In addition, can also provide the compilation device of a kind of generation by the machine language program of such data processing equipment execution.
More than Shuo Ming embodiment only is an example of the present invention, and the present invention is not limited to the foregoing description.
For example, the subspace of above-mentioned logical address space only is an example, also can make it carry out other processing.For example, the value update method in " value is upgraded the space " is not limited in additive operation, can be arithmetics such as subtraction, multiplying and division arithmetic also, can also be logical operation.And, can carry out more complicated processing value is upgraded.
In addition, can also come to send the execution indication by the visit subspace to other hardware that data processing equipment had.For example, an example as the subspace can also be provided with " to the indication space of hardware A ".When the logical address of utilizing this subspace is carried out data access, read these data and be sent to hardware A from high-speed cache 28 or storer 30.Hardware A triggers with being transmitted as of these data and begins to handle.At this moment, this hardware A also can utilize these data to carry out predetermined processing.In addition, another example as the subspace can also be provided with " to the indication space of hardware B ".When utilizing the logical address visit data of this subspace, hardware B serves as to trigger the beginning predetermined processing with the visit to these data.
Industrial applicibility
The present invention goes for processor that has high-speed cache etc.

Claims (14)

1. a data processing equipment is characterized in that,
Have: storage unit, each region memory storage instruction or data of determining by physical address; Instruction execution unit, output comprise the logical address of the processing decision data of the predetermined processing of described physical address and expression, obtain with this logical address in the corresponding described instruction of described physical address or the data that comprise, and carry out this instruction; And the address mapping unit, the logical address that described instruction execution unit is exported is transformed into described physical address;
The represented logical address space of described logical address is made of a plurality of subspaces, and each sub spaces is corresponding with any described predetermined processing, has the zone corresponding to described physical address in all described subspaces;
Described storage unit reads in the described instruction or the described data of the region memory storage of being determined by described physical address, and carries out the processing of determining according to described processing decision data.

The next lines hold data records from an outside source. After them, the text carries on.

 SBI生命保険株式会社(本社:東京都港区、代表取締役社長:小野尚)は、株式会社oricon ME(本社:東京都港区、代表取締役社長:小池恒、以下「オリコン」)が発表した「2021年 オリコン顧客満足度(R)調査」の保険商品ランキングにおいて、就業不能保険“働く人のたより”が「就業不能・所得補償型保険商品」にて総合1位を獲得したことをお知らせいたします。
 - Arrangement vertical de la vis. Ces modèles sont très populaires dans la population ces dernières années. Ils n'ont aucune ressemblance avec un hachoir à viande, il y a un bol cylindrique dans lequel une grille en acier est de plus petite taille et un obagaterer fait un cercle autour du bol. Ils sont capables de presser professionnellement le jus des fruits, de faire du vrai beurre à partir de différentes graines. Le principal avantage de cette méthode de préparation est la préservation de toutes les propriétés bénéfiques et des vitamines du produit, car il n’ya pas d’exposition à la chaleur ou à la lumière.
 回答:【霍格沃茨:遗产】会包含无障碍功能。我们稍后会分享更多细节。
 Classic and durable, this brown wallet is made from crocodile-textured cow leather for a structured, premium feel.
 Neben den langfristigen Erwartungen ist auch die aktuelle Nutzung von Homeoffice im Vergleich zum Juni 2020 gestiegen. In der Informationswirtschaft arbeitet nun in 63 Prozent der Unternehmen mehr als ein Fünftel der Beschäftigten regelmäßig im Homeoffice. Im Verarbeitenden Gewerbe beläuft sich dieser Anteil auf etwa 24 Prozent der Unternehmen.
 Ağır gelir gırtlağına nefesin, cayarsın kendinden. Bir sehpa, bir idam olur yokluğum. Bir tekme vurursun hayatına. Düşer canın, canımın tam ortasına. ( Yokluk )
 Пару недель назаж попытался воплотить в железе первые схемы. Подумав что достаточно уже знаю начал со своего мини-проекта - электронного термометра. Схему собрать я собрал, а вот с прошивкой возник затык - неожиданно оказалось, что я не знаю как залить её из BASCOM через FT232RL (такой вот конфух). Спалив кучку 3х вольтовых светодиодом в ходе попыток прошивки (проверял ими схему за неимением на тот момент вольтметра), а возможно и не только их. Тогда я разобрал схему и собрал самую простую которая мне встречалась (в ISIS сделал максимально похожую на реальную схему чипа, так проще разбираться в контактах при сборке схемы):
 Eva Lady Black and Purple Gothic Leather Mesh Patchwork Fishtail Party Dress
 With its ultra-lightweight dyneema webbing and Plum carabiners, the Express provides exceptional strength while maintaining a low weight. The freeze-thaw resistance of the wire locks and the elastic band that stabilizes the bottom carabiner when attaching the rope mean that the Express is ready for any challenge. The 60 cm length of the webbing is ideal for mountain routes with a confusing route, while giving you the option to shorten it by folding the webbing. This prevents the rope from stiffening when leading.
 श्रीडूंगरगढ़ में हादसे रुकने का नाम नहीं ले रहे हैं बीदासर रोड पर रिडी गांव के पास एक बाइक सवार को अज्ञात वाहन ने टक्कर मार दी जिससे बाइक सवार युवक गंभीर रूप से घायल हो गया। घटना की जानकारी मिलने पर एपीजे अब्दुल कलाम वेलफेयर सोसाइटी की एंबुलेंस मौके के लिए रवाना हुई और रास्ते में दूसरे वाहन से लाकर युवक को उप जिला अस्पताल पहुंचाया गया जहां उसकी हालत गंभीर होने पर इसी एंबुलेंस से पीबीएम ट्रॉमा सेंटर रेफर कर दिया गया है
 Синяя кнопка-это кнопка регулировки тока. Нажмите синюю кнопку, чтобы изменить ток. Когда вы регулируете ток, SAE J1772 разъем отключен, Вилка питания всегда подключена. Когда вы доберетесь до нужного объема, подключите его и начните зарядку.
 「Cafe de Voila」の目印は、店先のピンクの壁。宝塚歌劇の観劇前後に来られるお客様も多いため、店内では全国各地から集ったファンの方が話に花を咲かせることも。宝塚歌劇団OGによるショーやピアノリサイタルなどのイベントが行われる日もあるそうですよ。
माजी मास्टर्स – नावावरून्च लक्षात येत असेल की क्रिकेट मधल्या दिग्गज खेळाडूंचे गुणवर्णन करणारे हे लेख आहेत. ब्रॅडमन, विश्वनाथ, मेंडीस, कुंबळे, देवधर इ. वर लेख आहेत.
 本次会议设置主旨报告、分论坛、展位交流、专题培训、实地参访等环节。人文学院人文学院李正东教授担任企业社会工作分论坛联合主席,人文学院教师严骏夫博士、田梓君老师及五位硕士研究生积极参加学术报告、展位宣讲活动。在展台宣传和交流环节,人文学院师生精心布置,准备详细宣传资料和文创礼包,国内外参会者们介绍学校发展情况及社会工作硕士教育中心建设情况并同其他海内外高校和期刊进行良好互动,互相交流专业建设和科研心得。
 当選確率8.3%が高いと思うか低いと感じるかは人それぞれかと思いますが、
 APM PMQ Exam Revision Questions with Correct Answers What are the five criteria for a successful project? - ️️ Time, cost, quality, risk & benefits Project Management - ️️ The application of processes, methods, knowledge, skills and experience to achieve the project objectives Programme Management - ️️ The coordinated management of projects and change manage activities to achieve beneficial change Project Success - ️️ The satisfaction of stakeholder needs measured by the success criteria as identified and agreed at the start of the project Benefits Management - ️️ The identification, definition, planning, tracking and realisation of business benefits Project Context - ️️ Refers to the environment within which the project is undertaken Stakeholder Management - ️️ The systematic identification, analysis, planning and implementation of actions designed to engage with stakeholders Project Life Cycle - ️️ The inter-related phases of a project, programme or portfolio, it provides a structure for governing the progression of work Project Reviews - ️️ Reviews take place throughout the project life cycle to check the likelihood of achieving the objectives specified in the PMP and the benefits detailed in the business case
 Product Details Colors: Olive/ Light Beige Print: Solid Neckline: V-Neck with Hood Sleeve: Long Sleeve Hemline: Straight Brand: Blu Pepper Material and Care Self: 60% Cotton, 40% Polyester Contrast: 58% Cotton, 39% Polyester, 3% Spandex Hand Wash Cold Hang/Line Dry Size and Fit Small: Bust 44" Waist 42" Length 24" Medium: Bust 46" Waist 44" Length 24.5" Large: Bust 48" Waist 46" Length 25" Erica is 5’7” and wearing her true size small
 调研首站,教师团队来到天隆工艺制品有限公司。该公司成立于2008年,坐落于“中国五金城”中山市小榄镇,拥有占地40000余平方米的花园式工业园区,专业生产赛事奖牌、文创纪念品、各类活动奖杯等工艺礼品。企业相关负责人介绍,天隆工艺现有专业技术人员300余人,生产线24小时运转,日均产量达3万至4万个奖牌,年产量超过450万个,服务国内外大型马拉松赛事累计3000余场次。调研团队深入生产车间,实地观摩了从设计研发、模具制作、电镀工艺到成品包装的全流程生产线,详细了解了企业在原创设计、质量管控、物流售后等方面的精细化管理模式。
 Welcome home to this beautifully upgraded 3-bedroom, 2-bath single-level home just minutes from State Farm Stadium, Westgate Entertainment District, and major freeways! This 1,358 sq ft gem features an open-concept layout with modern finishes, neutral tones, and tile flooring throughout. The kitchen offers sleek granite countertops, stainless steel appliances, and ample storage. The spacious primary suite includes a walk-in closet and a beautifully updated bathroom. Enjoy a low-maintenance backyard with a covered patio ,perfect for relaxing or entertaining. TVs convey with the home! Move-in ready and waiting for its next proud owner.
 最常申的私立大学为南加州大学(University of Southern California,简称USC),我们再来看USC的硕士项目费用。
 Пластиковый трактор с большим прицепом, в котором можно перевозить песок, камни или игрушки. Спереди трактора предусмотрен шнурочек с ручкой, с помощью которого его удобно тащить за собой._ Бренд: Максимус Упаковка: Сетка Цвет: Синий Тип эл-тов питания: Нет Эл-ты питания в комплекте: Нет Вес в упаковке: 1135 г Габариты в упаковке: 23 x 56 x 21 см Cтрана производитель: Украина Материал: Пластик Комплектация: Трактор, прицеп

2. data processing equipment as claimed in claim 1 is characterized in that,
Described storage unit has: storer, store up described instruction or described data at each region memory of being determined by described physical address; High-speed cache stores up described instruction or described data at each region memory of being determined by described physical address, and can carry out reading and writing of data more at high speed than described storer; And processing execution portion, carry out according to described processing decision data predetermined process;
Comprise the taking-up corresponding data in the described processing decision data of described logical address, described taking-up corresponding data is corresponding with the processing of taking out the described instruction be stored in the described storer or described data and store in the described high-speed cache;
When utilizing described instruction execution unit that the described logical address that comprises described taking-up corresponding data is conducted interviews, described processing execution portion takes out the described instruction or the described data of storing and stores in the described high-speed cache in the storage area of described storer, the storage area of described storer is determined by the described physical address of described address mapping unit output.
3. data processing equipment as claimed in claim 1 is characterized in that,
Described storage unit has: storer, store up described instruction or described data at each region memory of being determined by described physical address; High-speed cache stores up described instruction or described data at each region memory of being determined by described physical address, and can carry out reading and writing of data more at high speed than described storer; And processing execution portion, carry out according to described processing decision data predetermined process;
Comprise the corresponding data of looking ahead in the described processing decision data of described logical address, the described corresponding data of looking ahead is corresponding with the processing that is stored in described instruction in the described storer or described data and stores in the described high-speed cache of looking ahead;
When utilizing described instruction execution unit that the described logical address that comprises the described corresponding data of looking ahead is conducted interviews, described processing execution portion is taken at the described instruction or the described data of storing in the storage area of described storer in advance and stores in the described high-speed cache, and the storage area of described storer is determined by the described physical address of described address mapping unit output.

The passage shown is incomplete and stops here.